Six in 10 Americans say they’d like to see Trump get a GOP challenger in 2020, including 38 percent of Republicans.

President Donald Trump and Vice President Mike Pence participate in the swearing-in ceremony for Gina Haspel to be CIA director at agency headquarters in Langley, Virginia.
President Donald Trump and Vice President Mike Pence participate in the swearing-in ceremony for Gina Haspel to be CIA director at agency headquarters in Langley, Virginia.
Mark Wilson/Getty Images
Emily Stewart covered business and economics for Vox and wrote the newsletter The Big Squeeze, examining the ways ordinary people are being squeezed under capitalism. Before joining Vox, she worked for TheStreet.

The 2018 midterm elections are just getting rolling, but 2020 is on the horizon — and a new poll might give President Donald Trump something to sweat about. According to a Politico/Morning Consult survey released on Wednesday, just 36 percent of voters say they would vote for Trump over a generic Democratic candidate in the next presidential election, while 44 percent would pick the Democrat. One-fifth of voters still aren’t sure.
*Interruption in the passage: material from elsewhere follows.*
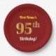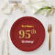 Red, Faux Gold 95th Birthday + Custom Name Paper Plate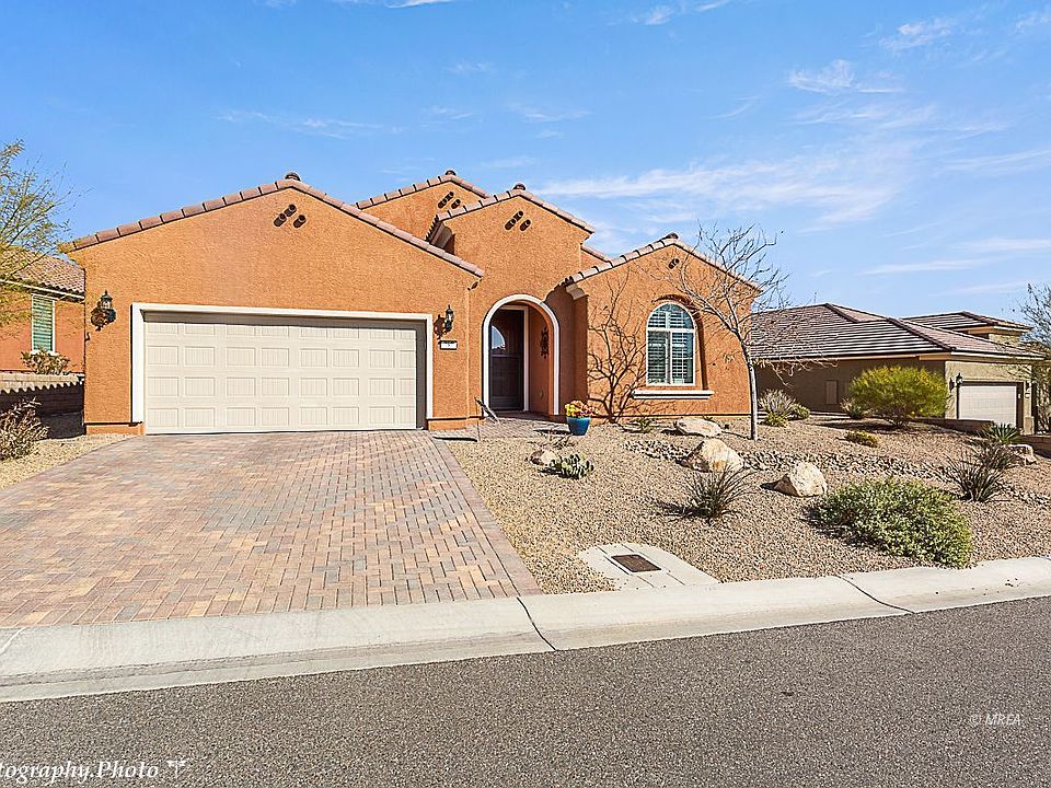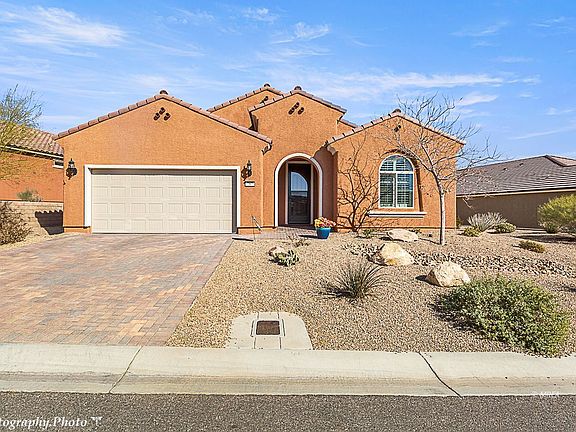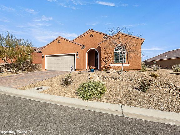 Picturesque Elevation... With 1864 SF, 2 bedrooms plus a den/office, this Sun City Haven model is located on an premium elevated home site that offers stunning surroundings and gorgeous views of the mountains. The Spanish entry is tasteful as the decorative brick pavers line the drive & entry. A large covered patio maximizes outdoor living space. Extended paver patio provides plenty of room for outdoor furniture & the mountain views are incredible. Dramatic 9-foot ceilings welcome you in the home. A central courtyard, large picture windows and a costly oversized slider allow for abundant natural light throughout. Custom wood looking tile, warm paint tones and costly plantation shutters are appreciated. The kitchen is centrally located and boasts gorgeous granite, quality cabinetry, upgraded appliances (including a new refrigerator ) & induction cooktop. The master is spacious and the ensuite, luxurious... including upgraded countertops and custom tile surround walk-in shower. The closets have been recently customized with "Classy Closets". The garage has a separate storage room, plenty of cabinets and overhead storage. A brand new water softener, washer & dryer are included.

While presidents typically don’t face a tough road to get their party’s nomination, six in 10 voters, including 38 percent of Republicans, say they’d like to see Trump get a Republican challenger in 2020. But it’s not clear whom they’d like to see take on the former reality television star. (And it looks like it is not going to be Vice President Mike Pence.)

If it comes down to Trump and Pence, more Americans would prefer Trump keep the job of president over Pence. Thirty-four percent of respondents said they would have Trump, and 23 percent said they prefer Pence. (Forty-three percent said they didn’t know or were unsure.)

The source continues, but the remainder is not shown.